Authored date:2006-05-17
The most important clinical application of Diffusion-weighted (DW) magnetic resonance imaging (MRI) is the detection and characterization of cerebral ischemia (1). Recently, a few studies were published to determine the value of DW MRI in healthy parotid glands and systemic disorders affecting parotid glands by measuring ADC values under physiologic and pathologic conditions, or after irradiation (2–4).
In the Department of Otorhinolaryngology in Hamburg, Germany between 80 and 120 patients with tumors are operatively treated per year. Comparable to the literature, between 60 to 80% of these patients suffer from pleomorphic adenoma or Warthin tumors. The missing twenty percent show primary malignant tumors of the parotid gland, or prove to have metastatic disease within the parotid gland. So, most patients are treated under the assumption of a benign primary disease. The difficulty is not only that the operative approach differs among benign and malignant tumorous disease but also that pleomorphic adenoma has to be treated more aggressively in comparison to Warthin tumors, due to their higher recurrence rate (5).
All examinations were performed using a MAGNETOM Symphony with a Quantum gradient system, with 30 mT/m maximum gradient capability and a maximum slew rate of 125 mT/m/sec. The lower part of the circularly polarized (CP) head coil and a standard two-element CP neck array coil were used. The flexibility of the neck array coil allowed positioning the N1 element right next to the parotid gland. An axial diffusion-weighted EPI (echo-planar imaging) sequence (TR 1,500 ms / TE 77 ms) was obtained with a matrix of 119 x 128, a field of view of 250 x 250 mm (pixel size
2.10 x 1.95 mm), 6 excitations, and a section thickness of 5 mm with an interslice gap of 1 mm. A parallel imaging technique (modified Sensitivity Encoding algorithm (mSENSE)) with an acceleration factor of two with twelve additional lines for self calibrating was applied. A bandwidth of 1502 Hz/pixel was used and 12 slices were acquired.
The b factors used were 0 s/mm2, 500 s/mm2 and 1,000 s/mm2. Fat suppression was achieved by placing the frequency-selective radio-frequency pulse before the pulse sequence. The automatic 3D-shim routine of the magnet used the slice block as the shim volume. The total acquisition time of this sequence was 1:14 mins.
Evaluation of the ADC maps were performed using the analyzing software MRIcro (Chris Rorden, University of Nottingham, Great Britain), which lists every pixel intensity of each ADC slice in a single ROI output file per patient.
46-year-old female patient with a palpable, painless mass of the right cheek.
The T1-weighted images (1) showed a tumor in the right parotid gland with muscle isointense appearance.
The T2-weighted images (A) showed an intraparotideal mass with higher signal intensity as the surrounding parotid gland tissue and the muscles. Concerning the ADC images a fairly low value could be obtained (1.28 x 10–3 mm2/s ± 0.11 x
10–3 mm2/s). Images show a histologically proven salivary duct carcinoma.
76-year-old male patient with a palpable, painless mass of the right cheek.
The morphologic appearance of this tumor is very similar to the tumor presented in case 1. In both patients contrast enhancement gave no additional information regarding the tumor. In contrast to case 1, the ADC images showed an obvious higher diffusion within the tumor (2.06 x 10–3 mm2/s ± 0.15 x 10–3 mm2/s). Histology revealed a pleomorphic adenoma.

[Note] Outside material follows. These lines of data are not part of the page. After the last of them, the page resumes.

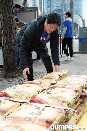 [점프볼=서울역/유용우 기자] 22일 서울 삼성과 서울 SK는 지난 양 팀의 3,4라운드 S-더비를 통해 적립한 1,300kg의 ‘사랑의 쌀’을 3,4라운드 승장이 이상민 감독이 지정한 서울역 ‘노숙인 무료급식소’에 전달하였다.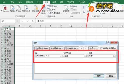 2. 接下来选中名单列,选择 数据 >> 排序 >> 确定 ;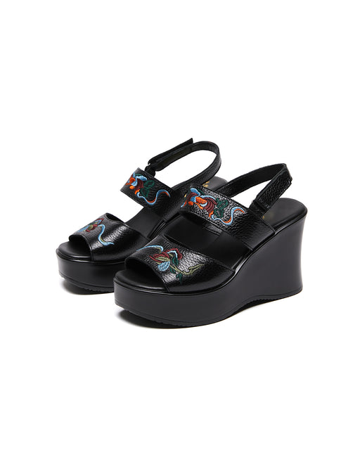 Afficher tous les détailsSandales de plage compensées en cuir à fleurs d'été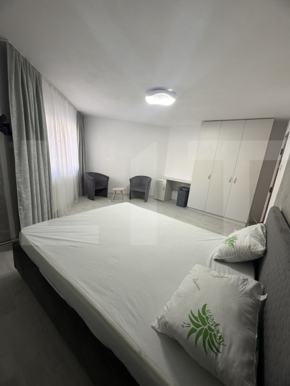 Apartament Modern & Proaspăt Renovat – Zonă Centrală Vă oferim spre închiriere un apartament cu un design contemporan, recent renovat, situat într-o locație privilegiată, în inima orașului. Locuința este la prima închiriere după renovare, oferind un mediu curat, luminos și extrem de primitor. Detalii și Dotări: Mobilier & Amenajare: Apartamentul este mobilat și utilat complet modern. Dormitorul este spațios, dotat cu pat matrimonial generos, texturi catifelate și pereți cu finisaje decorative premium. Bucătărie: Complet echipată, cu electrocasnice noi (aragaz, cuptor, hotă, frigider,cuptor cu microunde), zonă de dining și spații de depozitare eficiente. Confort Termic: Dotat cu centrală proprie și calorifere noi, asigurând un control total asupra temperaturii și costuri optimizate de întreținere. Baie: Amenajată cu gust, dotată cu mașină de spălat rufe și finisaje moderne. Localizare & Facilități: Situat în zona centrală, apartamentul oferă acces pietonal rapid către toate punctele de interes: Supermarketuri, piețe, diverse magazine,farmacii si restaurante la doar câteva minute distanță. Cod ofertă / ID BLITZ: P166587 Id intern: P166587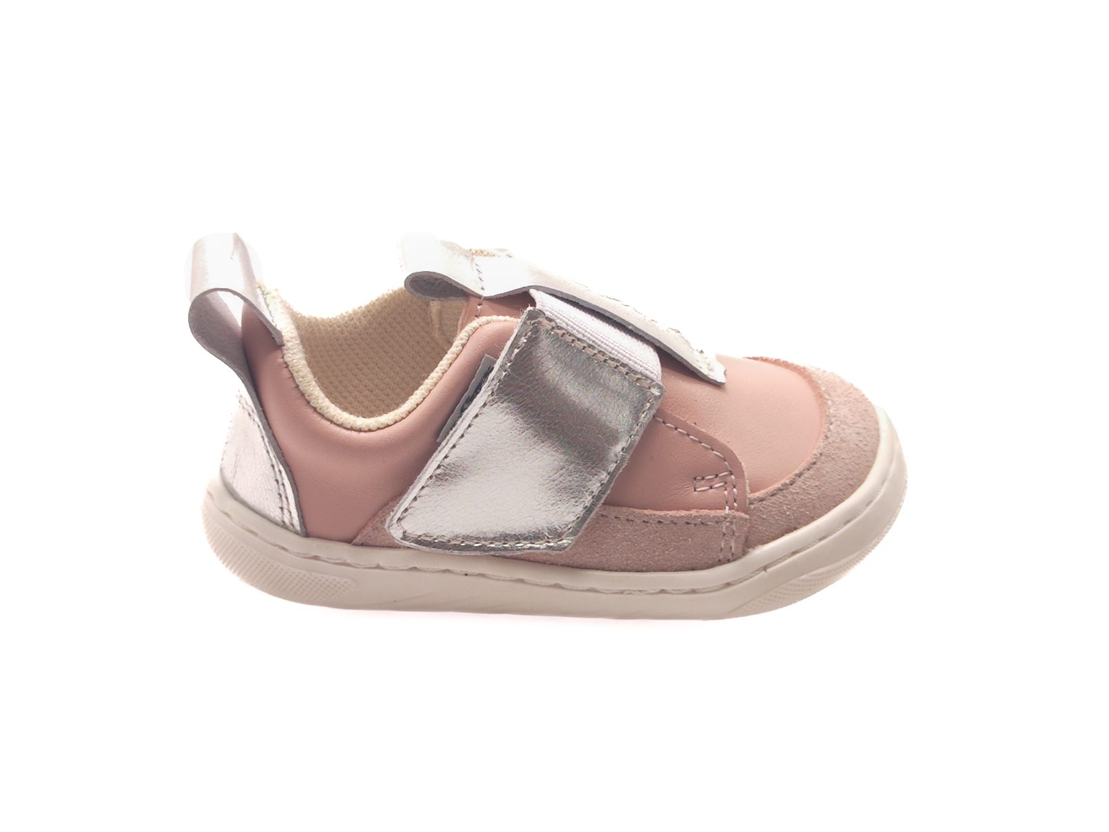 Leather first walkers with a breathable textile lining and easy fastening with an elastic band across the instep. Thanks to the reinforced heel, they keep their shape perfectly, while the barefoot construction ensures lightness, flexibility and the natural development of little feet. The suede leather toe cap provides protection against scuffing.

DW MR imaging seems to be a valuable tool to differentiate not only benign from malignant lesions, as shown in the two patients above, but also to differentiate between malignant and benign primary lesions of parotid glands (6). In our ENT department it has become an obligatory second line imaging tool prior to surgery for planning the operative strategy. Up to now, 135 patients with primary lesions of parotid and submandibular glands were examined with DW MR imaging, with no failure to provide the diagnosis.